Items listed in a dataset
• • • • •

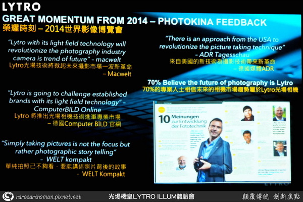 ▲位於德國科隆的2014 Photokina世界影像博覽會,LYTRO相機獲得了滿多的獎項,這個德國相機重鎮所舉辦的展覽,在參展結束之後訪問了眾多的相機專業人士參觀的感覺或是最亮眼的產品,約70%的人都回答LYTRO光場相機是這次展覽最新最耀眼以及最新的科技,也是業界首見可以先拍照後對焦的相機,顯見LYTRO光場相機受到了極大的好評。
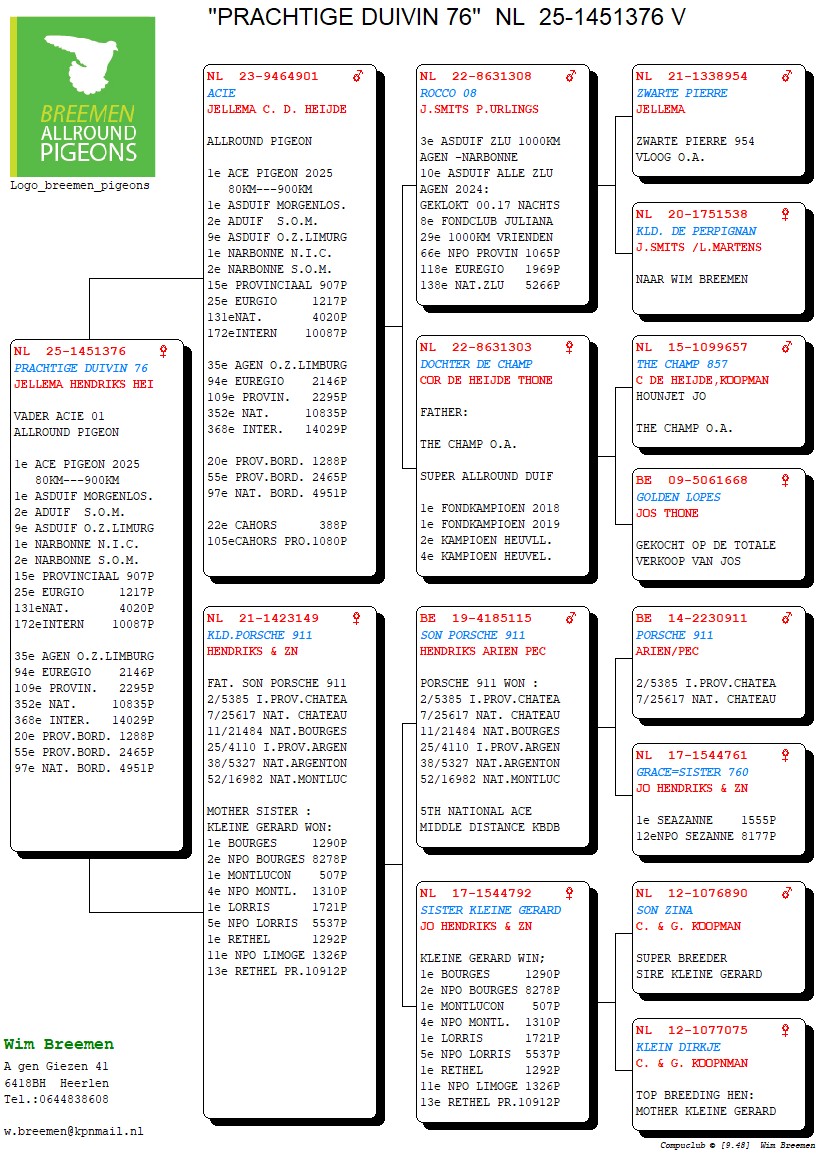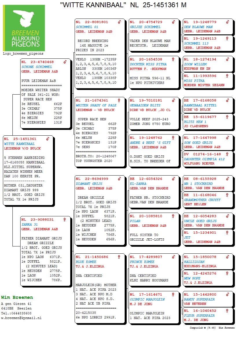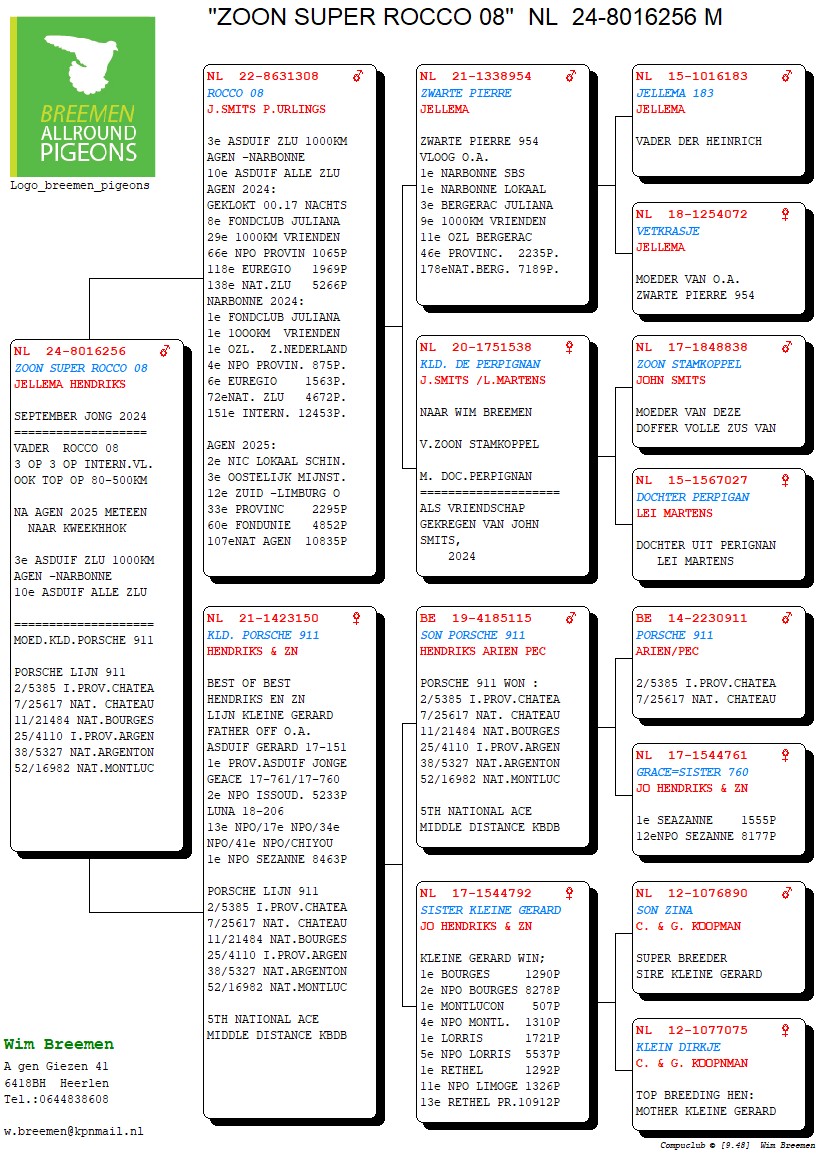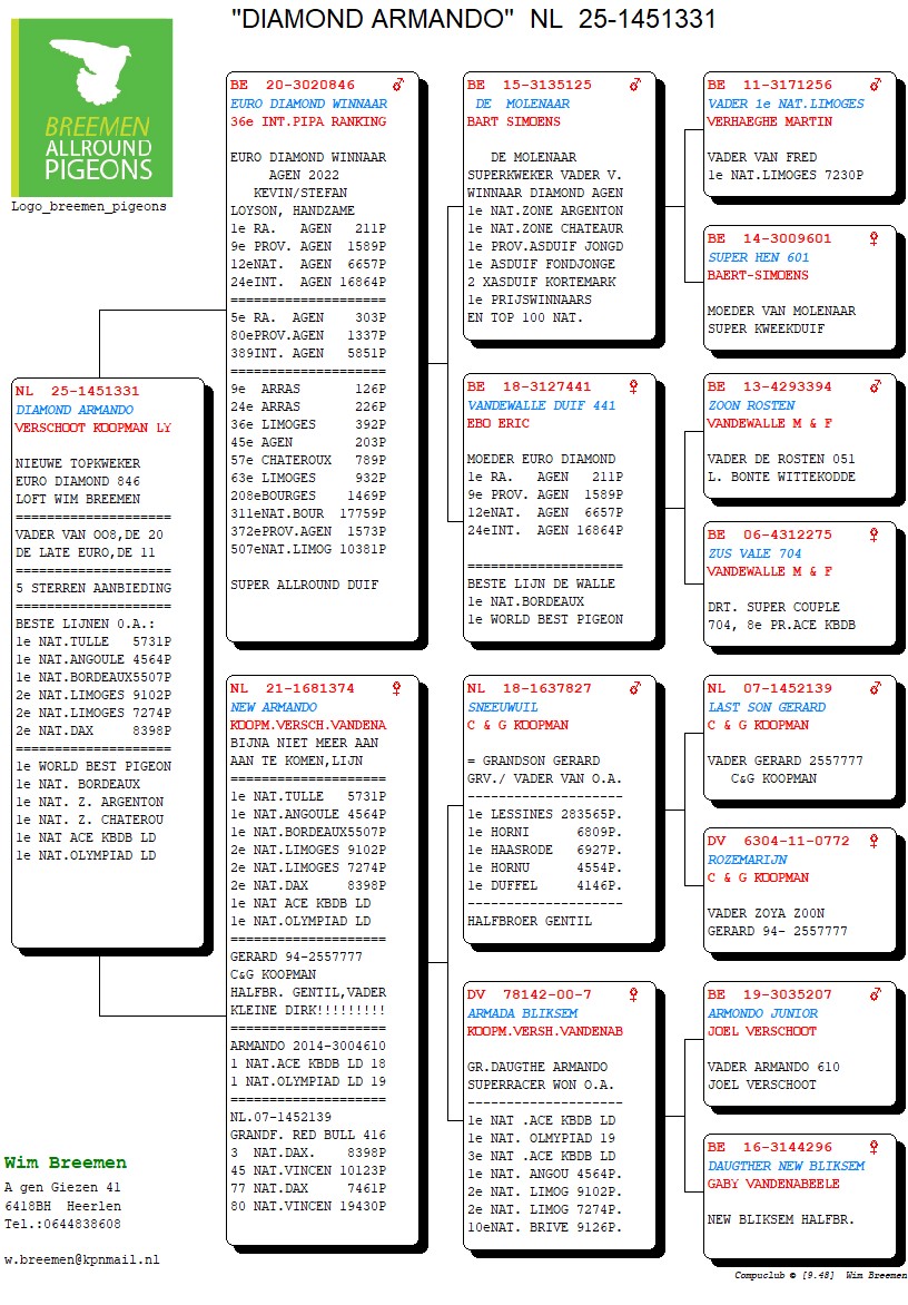 Een van de laatste jongen van “Golden Lopes”, gekocht op de totale verkoop van Jos Thoné in 2010. Een record opbrengst van 1,3 miljoen euro. Deze duif heeft haar kweekwaarde al bewezen bij Wim Breemen. Is moeder van oa;
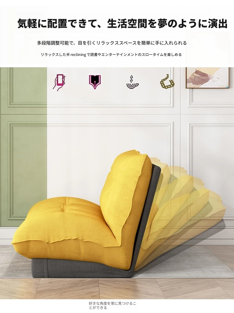 リラックスできる折りたたみソファ!授乳や宿舎に最適な座椅子、窓辺のクッションにもぴったり!脚なしデザインで省スペース、心地よい背もたれ付き。あなたのくつろぎタイムをサポートします!
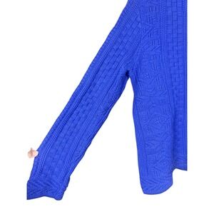 Classic L.L. Bean cable knit weave sweater jacket in a vibrant blue.
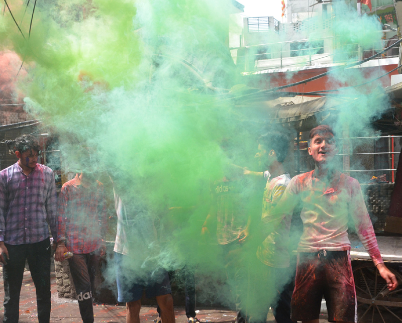 There was no fanfare during the festival this time again and the people preferred to remain indoors as no body liked to take the risk. However, some youth were seen playing Holi with their friends and relatives in various areas but that too in a restricted manner in view of the threat of the pandemic.
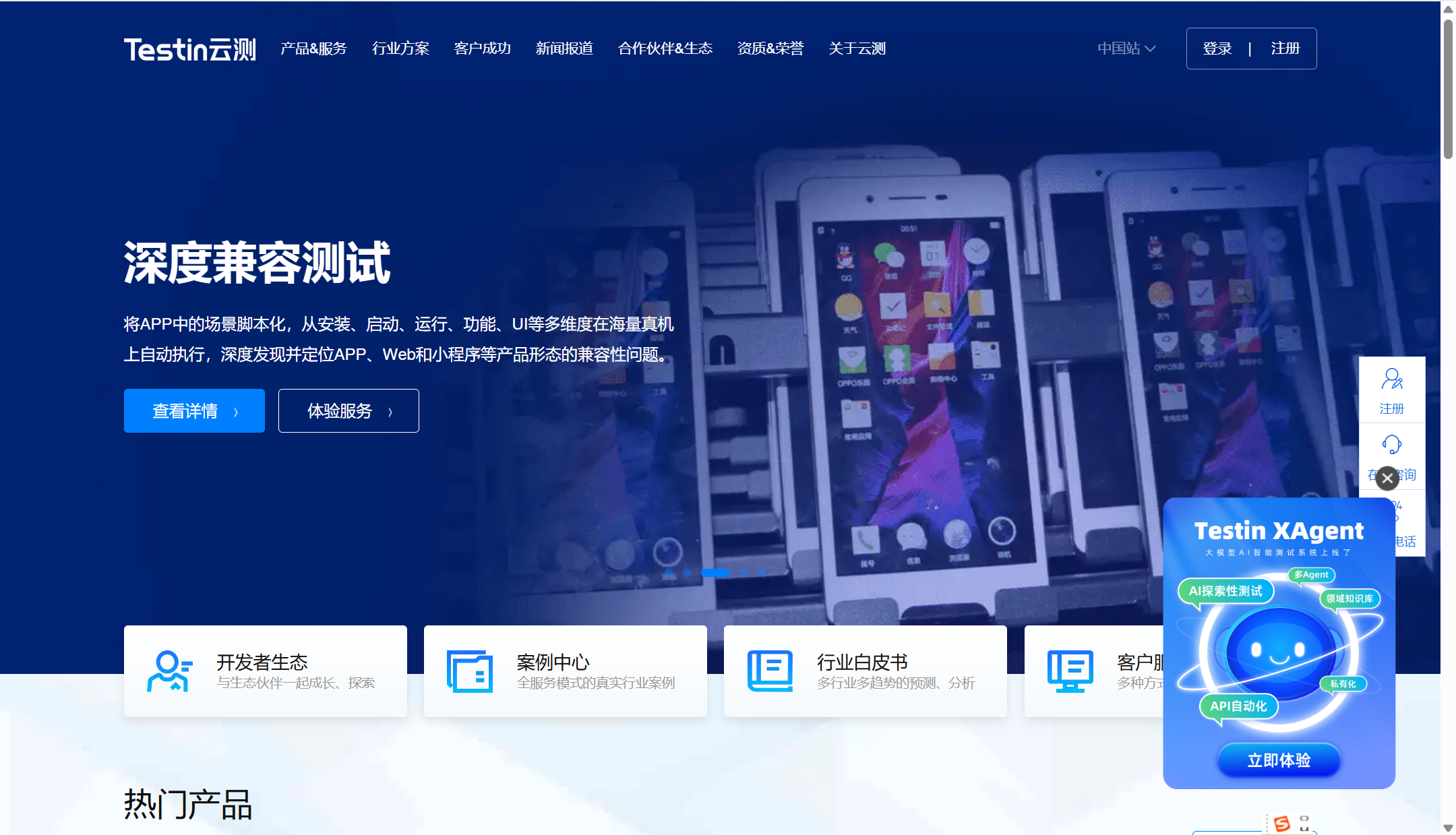 作为一家深耕云测服务的AI 驱动型测试平台,Testin云测覆盖了功能测试、兼容性测试、安全测试和性能测试等多维度场景,并通过AI 强化学习与 NLP 语义解析实现自动化测试脚本的快速生成和迭代。平台依托千余款真机设备,提供7×24小时不间断的测试服务,帮助团队在上线前深挖潜在问题,大幅提升应用质量。
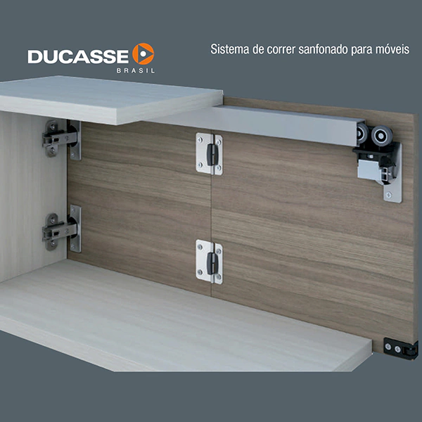 Sistema de correr sanfonado para móveis com aplicação em portas de pequeno a médio porte em madeira, MDF ou perfil de alumínio a partir de 45mm de altura. Kit testado e aprovado para 7.500 ciclos conforme norma ANSI-BHMA-A156.14-202 G1, tendo a capacidade de carga de 20Kg por folha.
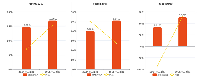 公司营业总收入为19.96亿元。归母净利润为3.18亿元。经营活动现金净流入为3.37亿元。
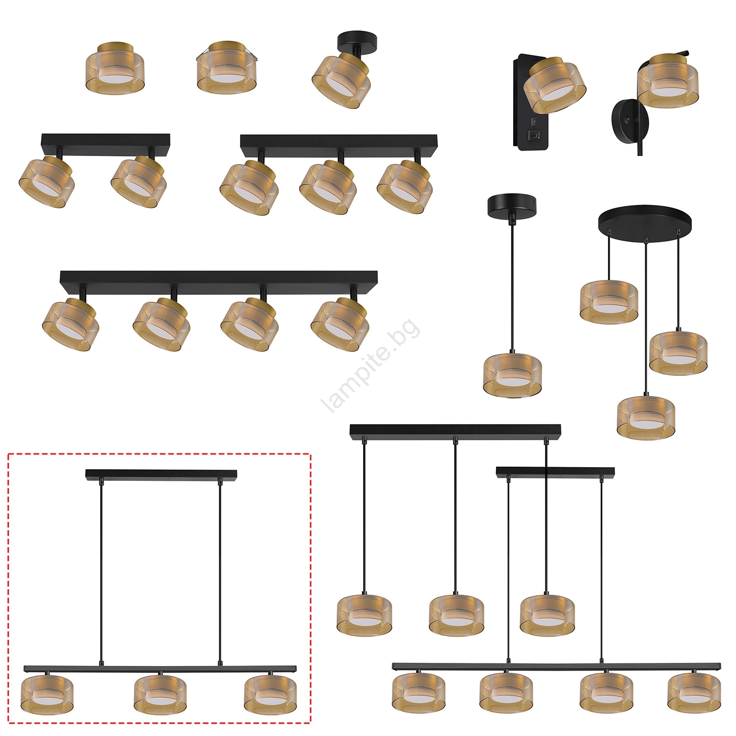 • Brilagi - LED Полилей на кабел AURA LUX 3xGX53/30W/230V черен/златист
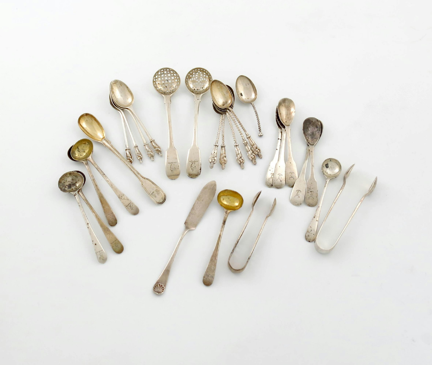 comprising: a set of five Irish mustard/egg spoons, two sifting ladles, a mustard spoon, six salt spoons, a butter knife, eight Apostle teaspoons, and one other a.f, approx. weight 10oz. (qty)

• • • • •

Aim of the exercise => From the data above, retype only the lines starting with the line with "リラックスできる折りたたみソ" and going on through the line with "驱动型测试平台,Testin云测覆盖了功能测试、兼容性测试、安全测试和性能测试等多维度场景,并通过AI 强化学习与 NLP", exactly, leaving out the pictures.

Exercise answer =>
 リラックスできる折りたたみソファ!授乳や宿舎に最適な座椅子、窓辺のクッションにもぴったり!脚なしデザインで省スペース、心地よい背もたれ付き。あなたのくつろぎタイムをサポートします!
 Classic L.L. Bean cable knit weave sweater jacket in a vibrant blue.
 There was no fanfare during the festival this time again and the people preferred to remain indoors as no body liked to take the risk. However, some youth were seen playing Holi with their friends and relatives in various areas but that too in a restricted manner in view of the threat of the pandemic.
 作为一家深耕云测服务的AI 驱动型测试平台,Testin云测覆盖了功能测试、兼容性测试、安全测试和性能测试等多维度场景,并通过AI 强化学习与 NLP 语义解析实现自动化测试脚本的快速生成和迭代。平台依托千余款真机设备,提供7×24小时不间断的测试服务,帮助团队在上线前深挖潜在问题,大幅提升应用质量。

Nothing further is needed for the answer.